Nightlife

NYPD Could Use Mounted Cops for LES Crowd Control

This might soon be a familiar sight on Rivington.
This might soon be a familiar sight on Rivington. Photo: JOHN MOTTERN/AFP/Getty Images

As a long, hot summer looms for young and restless LES pub crawlers, the 7th Precinct appears prepared to summon cops from the NYPD’s mounted police unit for crowd control on weekends, according to the precinct’s commanding officer, Deputy Inspector Nancy Barry. In response to a question from Grub Street during a community council meeting last night, Barry said that officers on the cabaret patrol may bring in heat on horseback “as the need arises” in Manhattan’s premier nightlife destination.

Barry cited crime stats in the precinct over the last 28 days but said nothing about the ongoing police crackdown of LES bars cited for underage drinking. She said there had been a 6 percent decline in major crime during that period — with the notable exception of an execution-style shooting on Pitt Street of a 23-year-old Brooklyn man early Tuesday in what she described as a “targeted hit.” (The killers are still at large.) Barry seemed to believe that residents had no need to be “alarmed” by the murder, noting that the most common crimes in the precinct are robberies large and small, some at bars and restaurants by perps traveling in twos and threes and “creating distractions” so they can snatch things like cell phones and purses.

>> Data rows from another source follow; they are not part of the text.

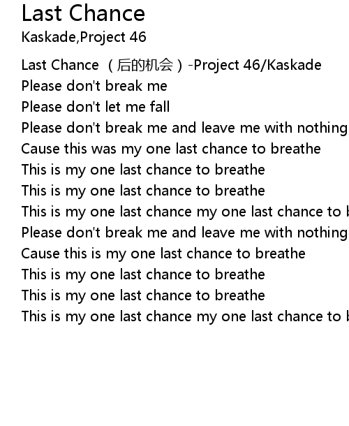 | [00:00.00] | Last Chance (后的机会)-Project 46/Kaskade |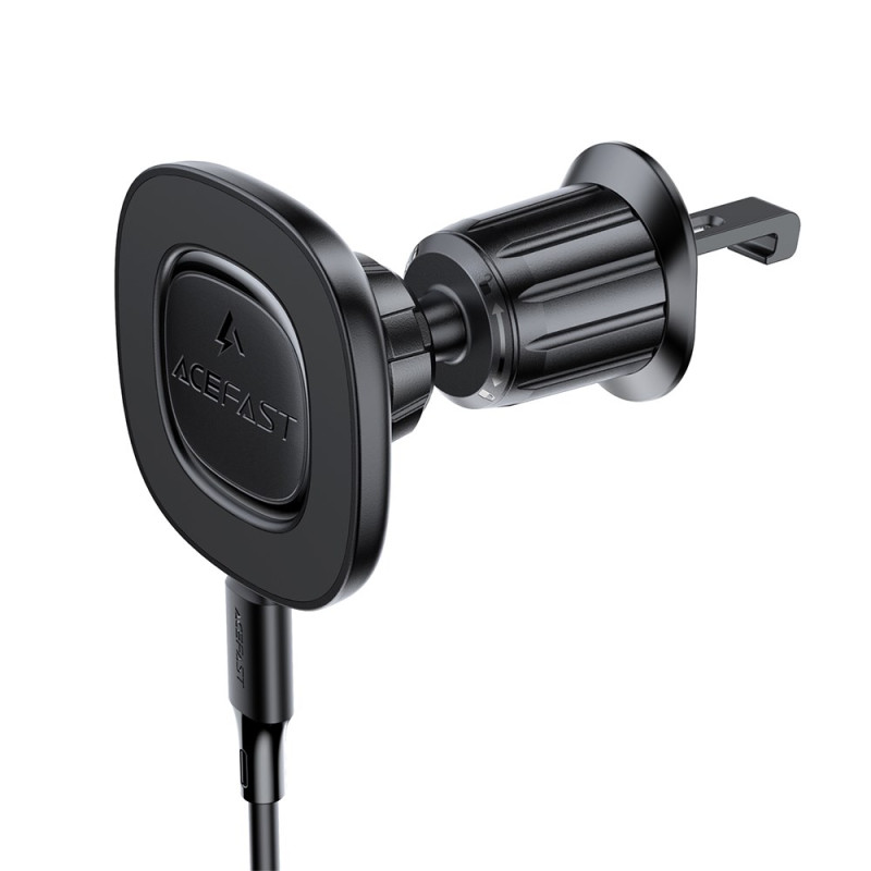 Caricatore magnetico wireless per auto che offre una ricarica rapida fino a 15W. Si fissa saldamente alla presa d'aria con una superficie in silicone antiscivolo. Compatibile con smartphone da 4,7 a 6,9 pollici. Design elegante e minimalista.
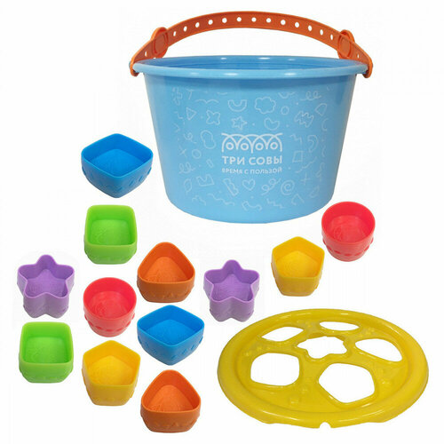 Набор для песка ТРИ совы сортер-ведро "Забавные мордашки" 14 предметов (ведро крышка 12 формочек) 1 шт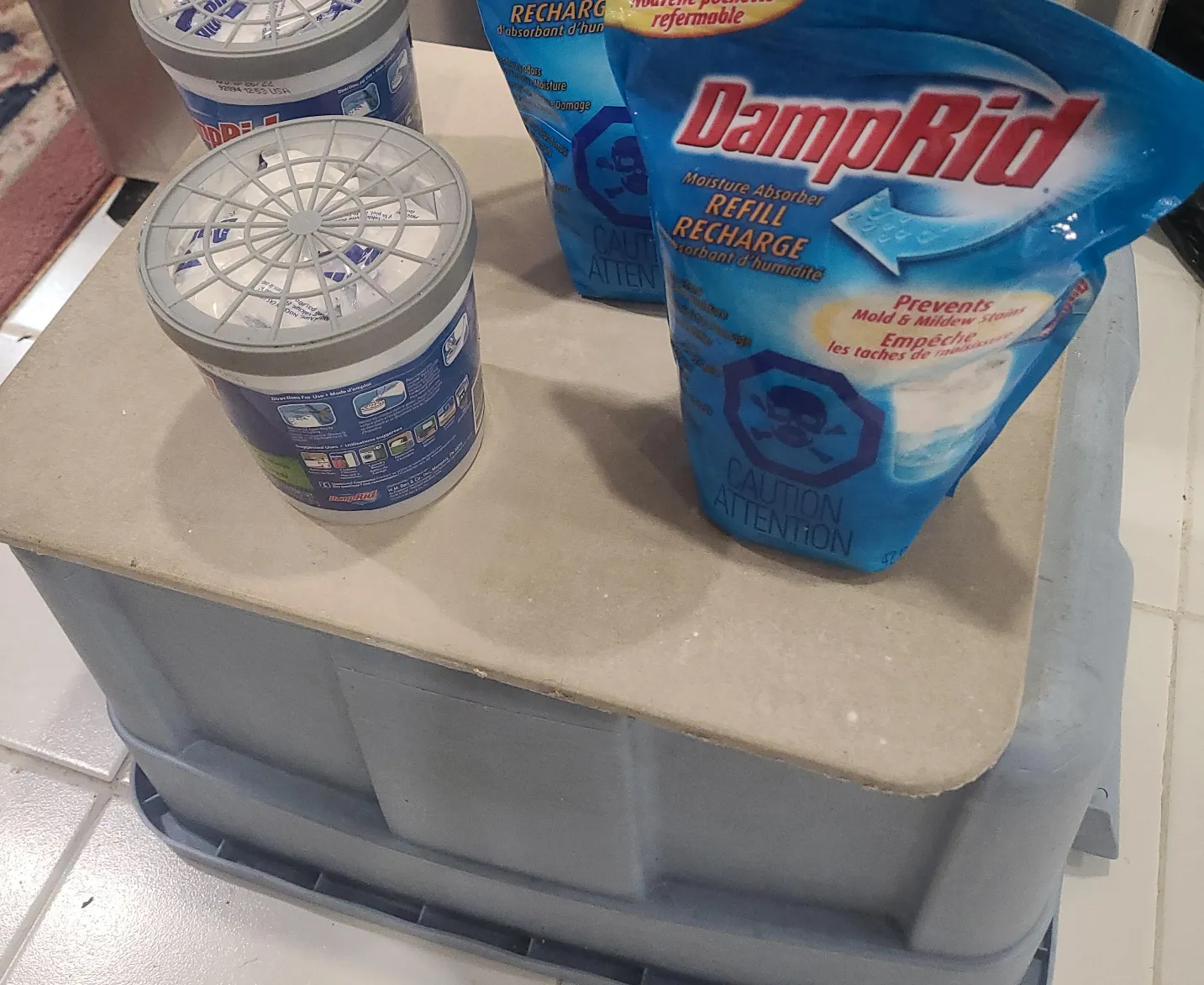 Listing includes a moisture absorber refill and a container. Packaging appears to be sealed. Use these items in a space to reduce humidity levels, which can lead to a more comfortable home environment.
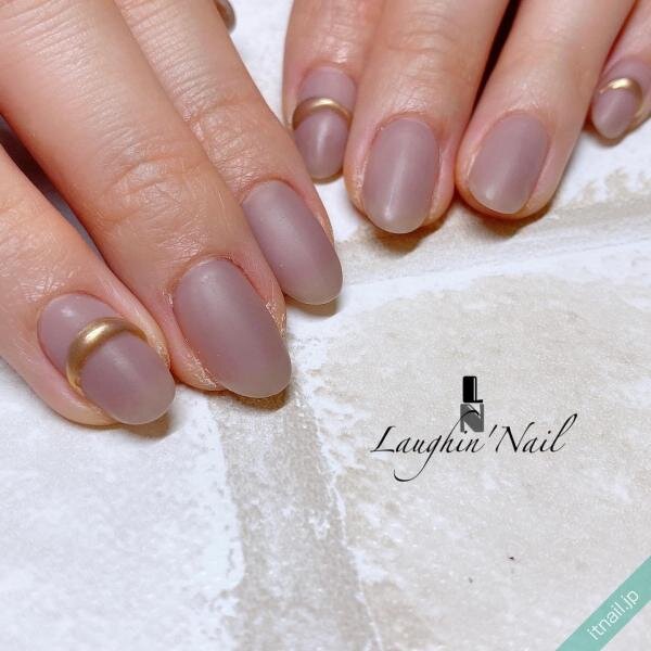 こちらは「グレージュ」を使用した、ワンカラーのマットネイル。マット仕上げにすることで、「グレージュ」がさらに落ち着いたカラーリングに変化しています。ゴールドミラーで描いたリングデザインをワンポイントに、品のある華やかさが魅力的なデザインです。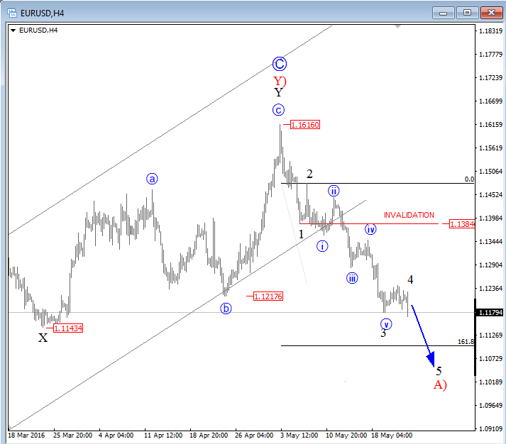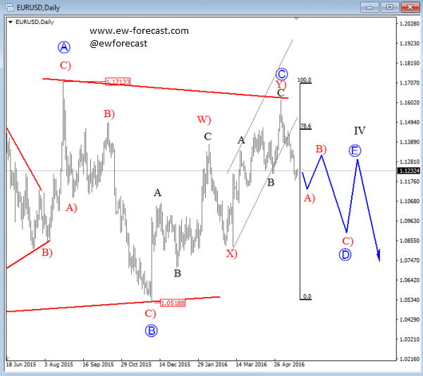 On the lower time frames, EURUSD is trading nicely lower for the last few weeks and it has now shape of an impulsive decline underway if we consider sharp fall last week to 1.1200 area which was our minimum downside objective. But decline looks strong from the last few weeks, so maybe it was black wave 3 and that is why we will expect more downside after current corrective bounce in wave 4 is finished. We believe a drop down to 1.1000 area could be possible as part of wave A of D within a triangle.
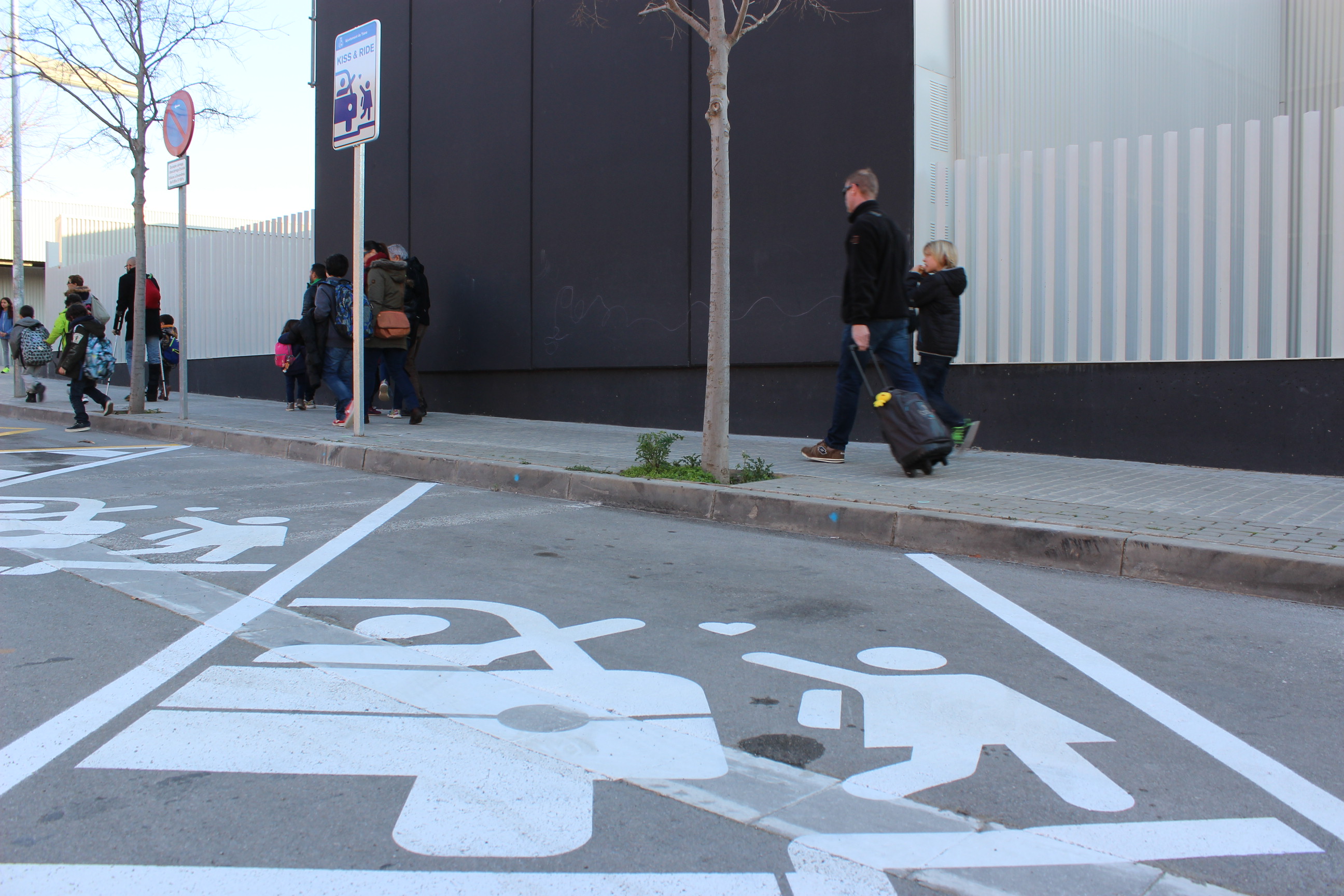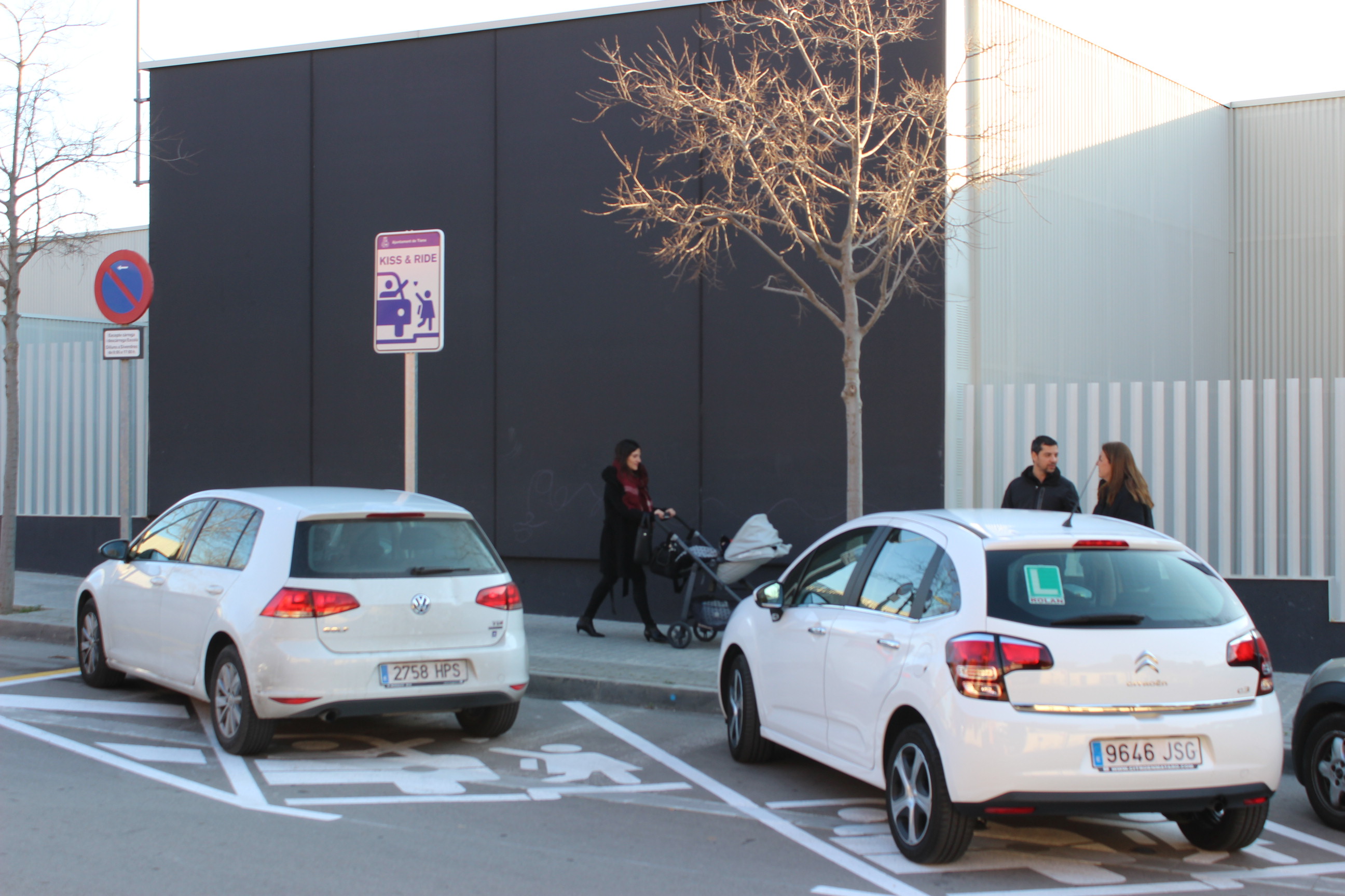 L’altra novetat és el canvi de posició en què es pot aparcar. Ara s’ha de fer en bateria, el que hauria de, en un principi, facilitar més espai. Tot plegat s’anomena “Kiss & Ride”, petó i en marxa, una clara referència que no s’hi pot aparcar durant molta estona. Els principals usuaris són els pares i mares de l’escola. Això és el que diuen sobre l’horari.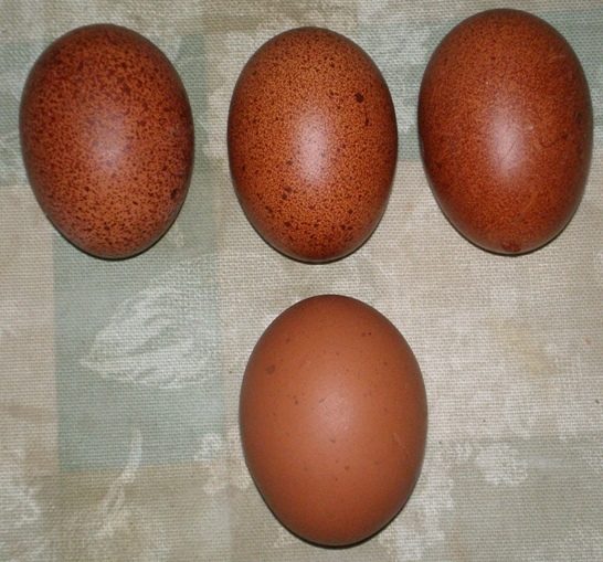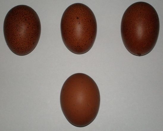 These eggs are a progression from a young BCM pullet of my breeding. She lays super speckled eggs. The bottom egg is todays, lighter looking as it is covered with bloom. What are the thoughts on the speckled eggs?? Her mom and none of her sisters that are laying so far are laying speckles. The other reason I wanted to post these pics. is to show how different the colour shades of the same eggs look with a different background. Of course, this happens with the pics. of birds we all post as well. Any ideas on the best type of light/background to show true colours?? I would say the true colours of these eggs is inbetween the colour of both pics.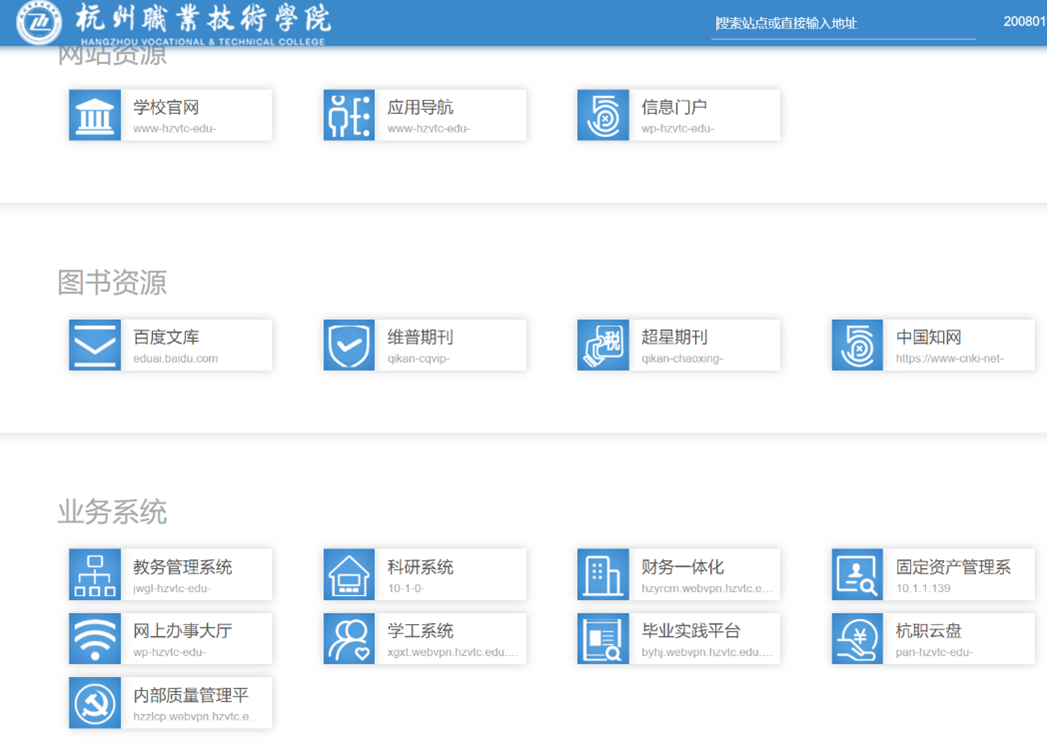 WebVPN提供基于web的内网应用访问控制,无需再安装VPN客户端,即可允许授权用户访问只对内网开放的web应用,实现VPN的功能。广大师生在校外可从学校官网首页右上角“webvpn”进入(如下图1所示),或使用浏览器直接访问https://webvpn.hzvtc.edu.cn ,登录的账户和密码即为本人统一身份认证的账户和密码,进入后即可访问内网资源(如下图2所示)。

Manhattan district attorney Cyrus R. Vance Jr. said earlier in the week that bars are “hot spots” for theft of patrons’ personal belongings and “violent crime” after he spoke briefly at the 9th Precinct’s community-council meeting on East 5th Street. Vance said David O’Keefe, chief of the D.A.’s crime strategies unit, was working with the 9th’s cabaret cops to identify suspects. O’Keefe told us that bartenders, like barbers and doormen, can be excellent sources of information leading to arrests. He should know: Heathers bar on East 13th Street provided the D.A.’s office with crucial street video surveillance of two 9th Precinct police officers returning to a drunken woman’s apartment above the bar. The notorious pair — Kenneth Moreno and Franklin Mata — were later charged and then acquitted of rape and burglary. Both were fired from the NYPD for official misconduct soon after their trial ended last month.